In a new case, the U.S. Supreme Court ruled that inherited IRAs are not retirement assets that are protected from creditors in bankruptcy.


Bankruptcy cases do not often make it to the highest court in the land. Nonetheless, on June 12, the U.S. Supreme Court handed down a decision that could affect you if you are trying to get out from under debt through a bankruptcyfiling. The case concerned one of the most popular retirement savings vehicles, the individual retirement account.


Retirement assets protected from creditors in bankruptcy, but not inherited IRAs

IRAs are tax-advantaged accounts that can grow substantially over time. Beyond the tax savings, IRAs have another huge advantage in that the funds in an individual's IRA are protected from creditors in the bankruptcy process. In a piece of legislation known as the Bankruptcy Abuse Prevention and Consumer Protection Act of 2005, Congress extended the creditor shield in bankruptcy that had long been available for employer-sponsored 401(k)s and other types of retirement plans to cover IRAs as well.
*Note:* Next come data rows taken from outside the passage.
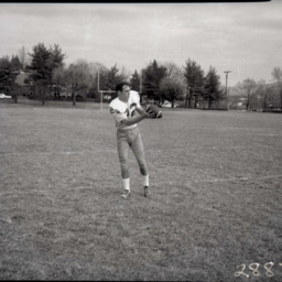 Unidentified Massanutten Military Academy cadet wearing a football uniform and shown catching a football.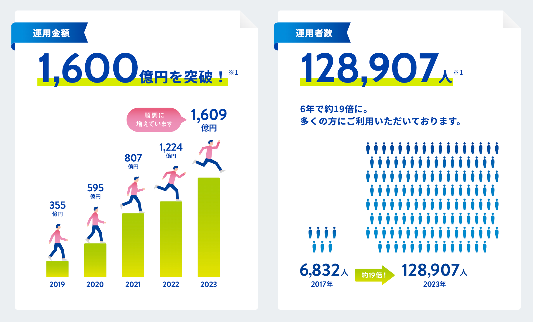 運用金額は1,600億円以上、 一人あたり平均運用額は124万円に成長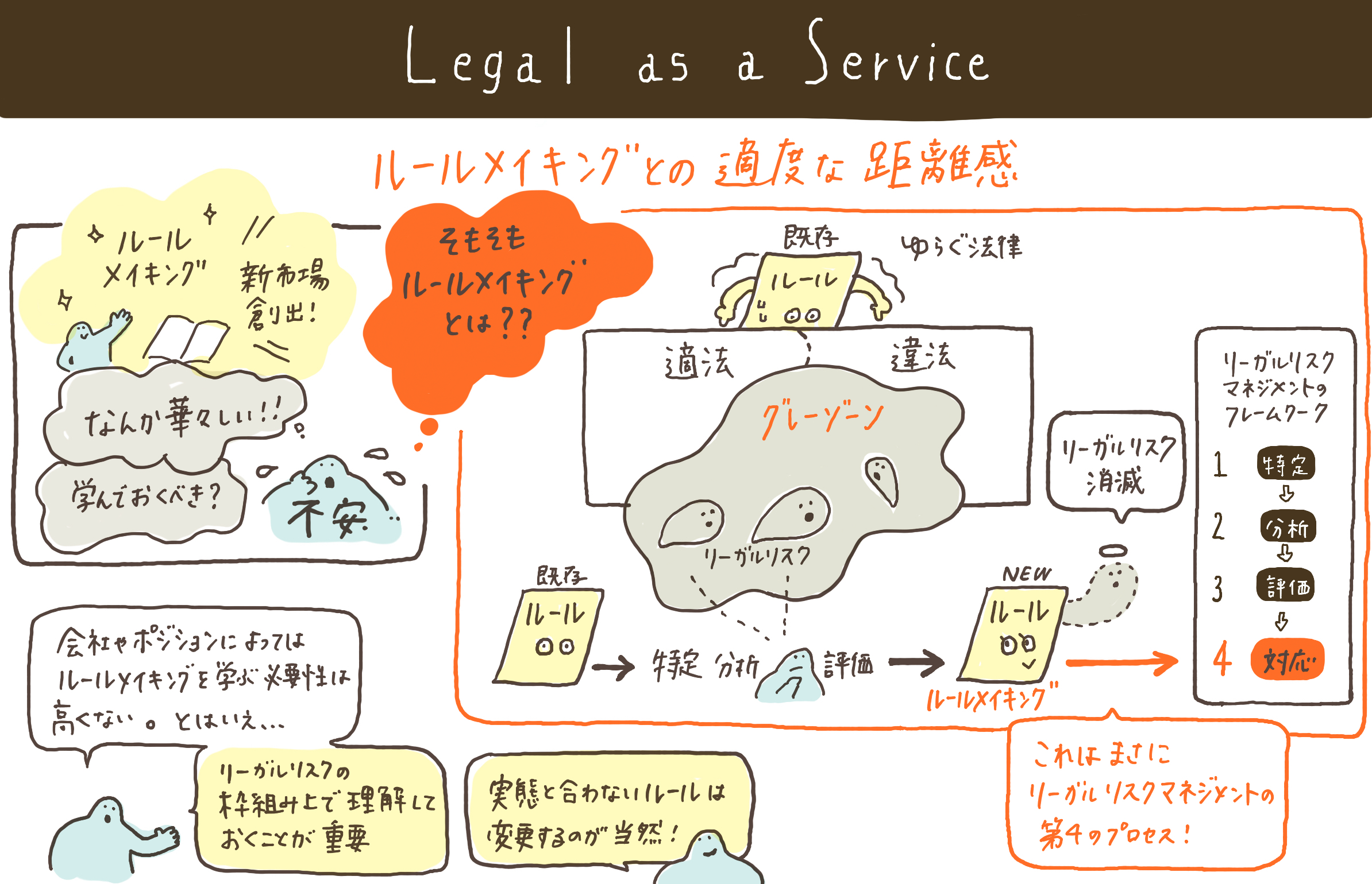 法務担当者の方から、書籍・法律雑誌・SNSにおいて、ルールメイキングが(やや華々しく)テーマとして取り上げられるのを見かける度に、小さな不安感や違和感を抱くとの声を頂戴したことがあります。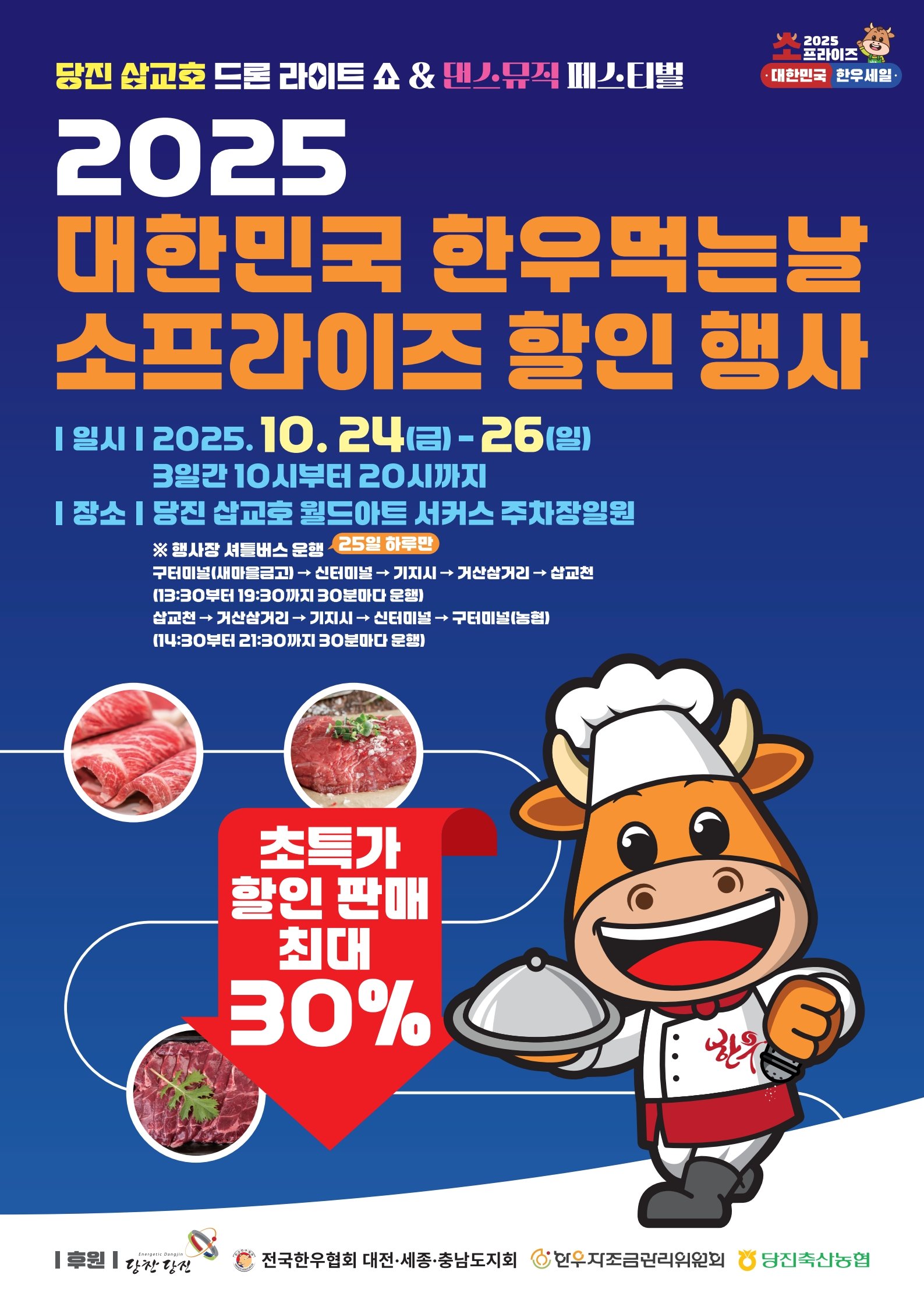 오는 10월 24일부터 26일까지는 삽교천 댄스&뮤직 페스티벌 현장에서 ‘2025 대한민국 한우먹는날 소프라이즈 한우 할인행사’

However, to make withdrawals from a traditional IRA without facing tax penalties, an accountholder generally must wait until after the age of 59 and a half, and in order to ensure that an IRA does not run dry prematurely, experts typically recommend withdrawing no more than four percent of the account balance annually. The combination of these factors means that when the owner of an IRA dies, there is often a remaining balance in the account that is inheritable by his or her heirs.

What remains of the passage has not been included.